For those tired of the standard guitar, bass and drums lineup, tonight's show at the Schlow Centre Region Library, 211 S. Allen St., will highlight more exotic fare.
"I'm using a device called the optobox, it sounds kind of like a marimba ... actually the brain out of that I got out of some Fisher-Price toy," Tim Kaiser, one of three performers, said of finding the parts to put his instrument together, shortly before mentioning a stenographer's keyboard he converted into a synthesizer.
And then there's Paul Metzger's 21-string banjo.
The three-artist concert will be held in the library's community room at 7 tonight.

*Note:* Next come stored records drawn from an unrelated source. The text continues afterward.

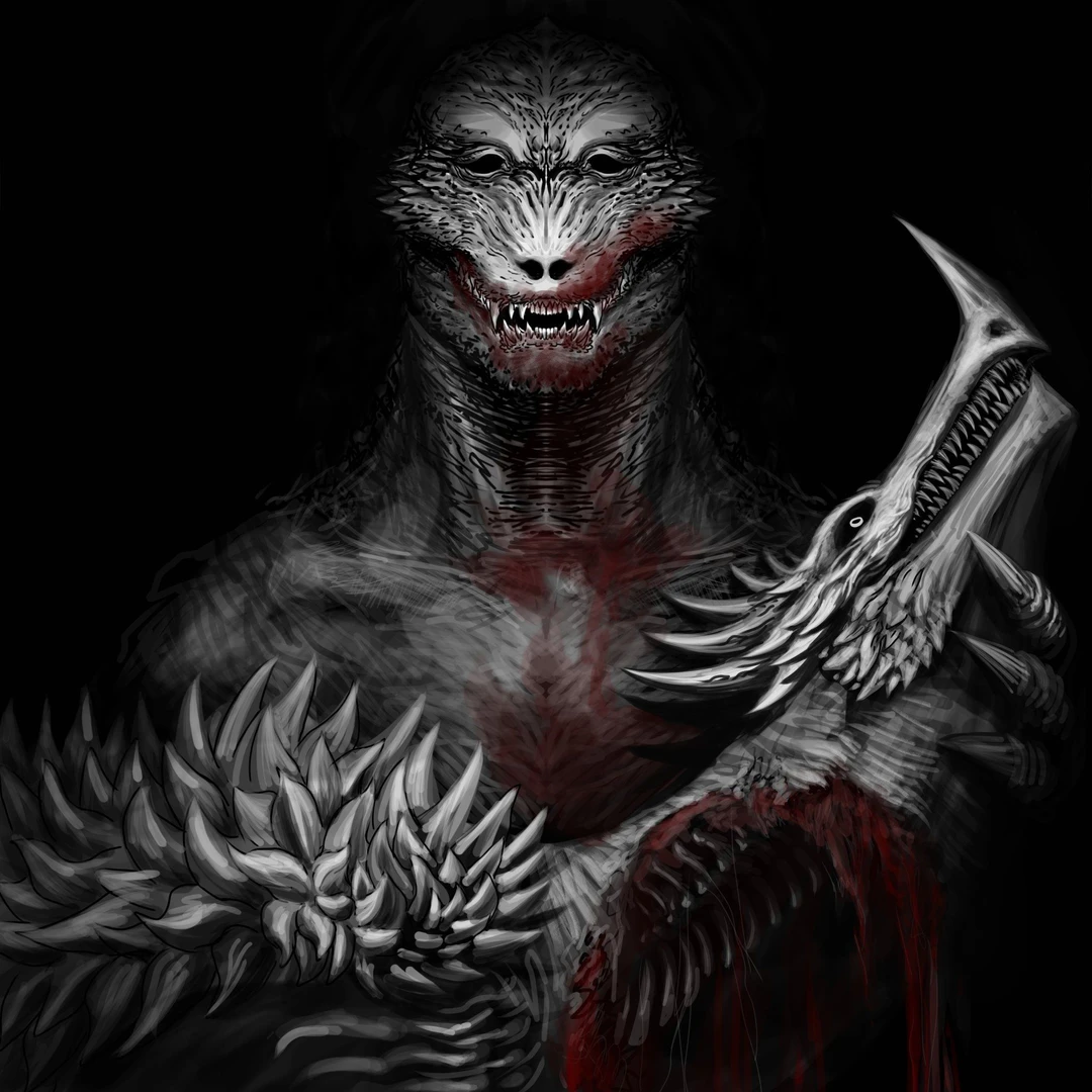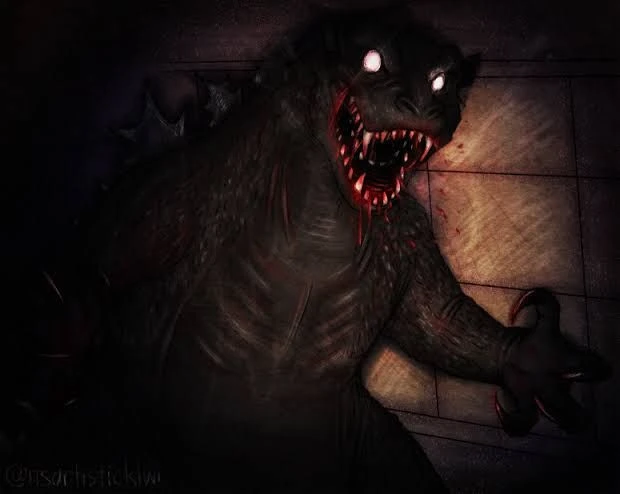키는 약 3m의 괴수탈을 쓴 누군가. 그의 주변애 있으면 거친 숨소리와 찌그덕거리는 불쾌한 근육이 움직이는 소리를 들을수있다. 입과와 손에 피가 묻어나있다. 그 큰 몸집으로 어둠속을 수영하듯 빠르게 지나다니며, 경비실쪽으로 다가가려는 모습을 보인다. 입안을 자세히 관찰하면 누군가의 눈빛과 입꼬리가 보일지도 모른다. 탈은 여기저기 낡고 찢어져있는데, 그 틈새 사이로 뼈와 근육이 조잡하게 얽혀있다. 그 주변으로는 말라붙은 핏덩어리가 위치한다.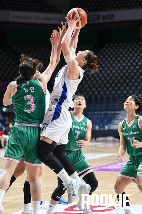 4일 부산 사직실내체육관에서 ‘2025 BNK금융 박신자컵’이 열렸다. 인천 신한은행과 부천 하나은행의 경기가 열렸다. 신한 김진영이 리바운드를 잡고 있다.
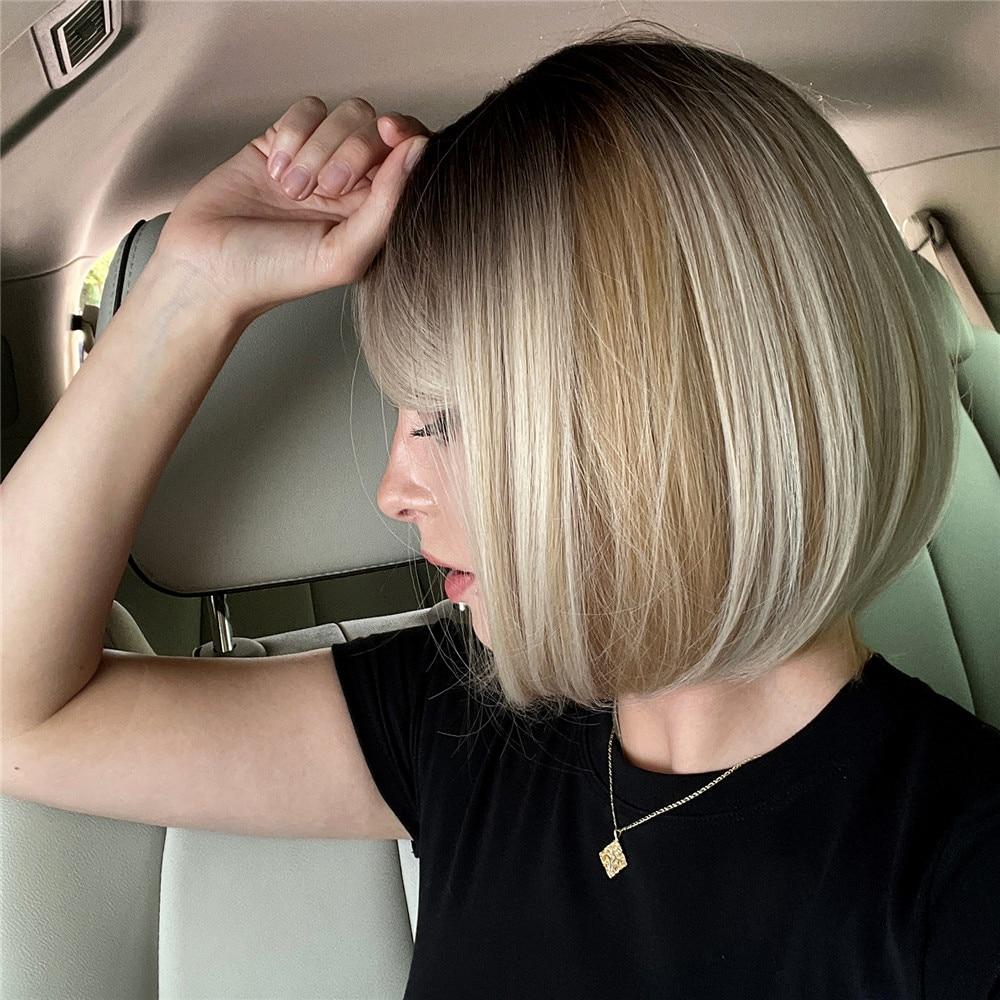 ALAN EATON Короткие светлые парики Ombre, прямые светлые парики боб с челкой, женские повседневные синтетические парики, натуральные высокотемпературные волосы

Metzger, of St. Paul, Minn., will headline, playing banjo and guitar, both of which have been heavily modified. The banjo features extra sets of strings and is set up similarly to a sitar, which is a long-necked lute with a varying number of strings.
"I prefer instruments that are not precious or fancy or expensive," Metzger said. "I just feel at liberty to experiment on them. I think 'what if I drilled in here or added something here.' I don't feel like I'm ruining something, I just kind of go at it."
Metzger's most recent album, Deliverance, was released in October, and contains three banjo pieces, he said. Metzger said he doesn't listen to his own recordings, which are done in one live take, and focuses more on live improvisation.
Nathaniel Rasmussen, a Schlow computer systems administrator, said Metzger "definitely got extremely emphatic applause when he played here before."
Also on the bill is Kaiser, of Duluth, Minn., who Rasmussen said creates "analog sound devices, whether they're synthesizers or theremins or effects for guitar ... He makes instruments and performs them."
Kaiser said he began experimenting with his equipment around the time he got out of high school and was playing in a punk rock band.
"One of the things about punk rock is that you're broke, and your equipment sucks, so you're always having to fix things, and that's kind of how I learned a fair chunk of what I know about electronics, is always having to fix stuff," Kaiser said.
Rounding out the bill is Eric Carbonara, a guitarist whose new album of acoustic compositions, Exodus Bulldornadius, was just released.
"I was kind of questioning whether or not I could make interesting and good music with just a single acoustic instrument," Carbonara said. "I wanted to take away any obstacle between what I was feeling and what my hands could do."